====== Given information ======

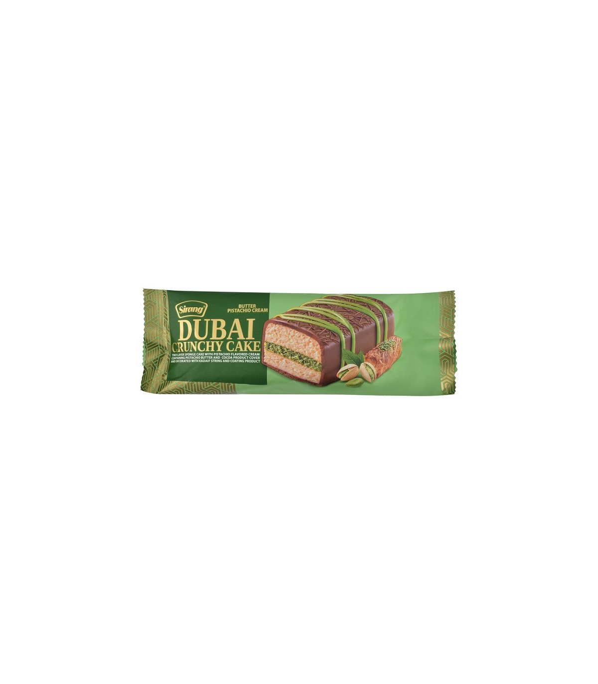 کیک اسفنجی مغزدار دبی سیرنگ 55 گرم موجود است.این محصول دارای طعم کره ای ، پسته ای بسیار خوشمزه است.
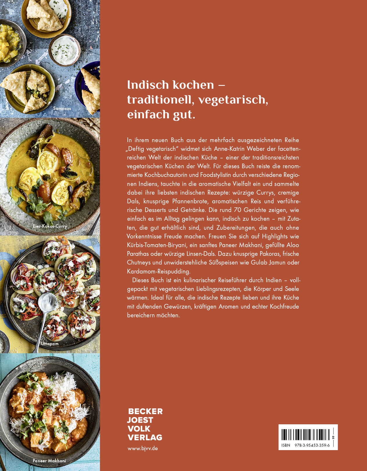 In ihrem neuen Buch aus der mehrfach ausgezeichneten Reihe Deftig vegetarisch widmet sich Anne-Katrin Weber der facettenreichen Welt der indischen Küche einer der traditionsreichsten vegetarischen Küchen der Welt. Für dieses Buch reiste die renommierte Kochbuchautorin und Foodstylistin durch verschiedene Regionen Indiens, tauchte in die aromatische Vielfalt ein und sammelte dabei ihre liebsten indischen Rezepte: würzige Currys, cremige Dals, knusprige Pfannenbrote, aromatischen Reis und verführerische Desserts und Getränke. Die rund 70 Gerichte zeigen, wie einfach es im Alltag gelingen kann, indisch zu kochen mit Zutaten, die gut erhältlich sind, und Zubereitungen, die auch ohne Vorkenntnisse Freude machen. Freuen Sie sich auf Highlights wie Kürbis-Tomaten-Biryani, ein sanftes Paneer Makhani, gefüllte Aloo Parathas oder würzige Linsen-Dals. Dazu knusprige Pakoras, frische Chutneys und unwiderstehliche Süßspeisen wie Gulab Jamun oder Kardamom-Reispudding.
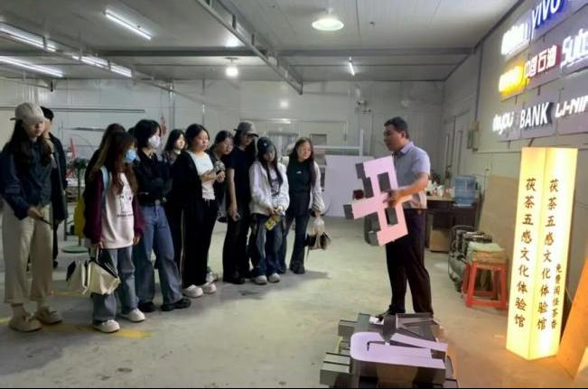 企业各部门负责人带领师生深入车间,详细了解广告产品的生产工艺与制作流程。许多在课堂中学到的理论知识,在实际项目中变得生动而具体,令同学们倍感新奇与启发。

======

▸ Assignment:
Set out the material once more, exact in every line, with no images.

▸ Result of the exercise:
 کیک اسفنجی مغزدار دبی سیرنگ 55 گرم موجود است.این محصول دارای طعم کره ای ، پسته ای بسیار خوشمزه است.
 In ihrem neuen Buch aus der mehrfach ausgezeichneten Reihe Deftig vegetarisch widmet sich Anne-Katrin Weber der facettenreichen Welt der indischen Küche einer der traditionsreichsten vegetarischen Küchen der Welt. Für dieses Buch reiste die renommierte Kochbuchautorin und Foodstylistin durch verschiedene Regionen Indiens, tauchte in die aromatische Vielfalt ein und sammelte dabei ihre liebsten indischen Rezepte: würzige Currys, cremige Dals, knusprige Pfannenbrote, aromatischen Reis und verführerische Desserts und Getränke. Die rund 70 Gerichte zeigen, wie einfach es im Alltag gelingen kann, indisch zu kochen mit Zutaten, die gut erhältlich sind, und Zubereitungen, die auch ohne Vorkenntnisse Freude machen. Freuen Sie sich auf Highlights wie Kürbis-Tomaten-Biryani, ein sanftes Paneer Makhani, gefüllte Aloo Parathas oder würzige Linsen-Dals. Dazu knusprige Pakoras, frische Chutneys und unwiderstehliche Süßspeisen wie Gulab Jamun oder Kardamom-Reispudding.
 企业各部门负责人带领师生深入车间,详细了解广告产品的生产工艺与制作流程。许多在课堂中学到的理论知识,在实际项目中变得生动而具体,令同学们倍感新奇与启发。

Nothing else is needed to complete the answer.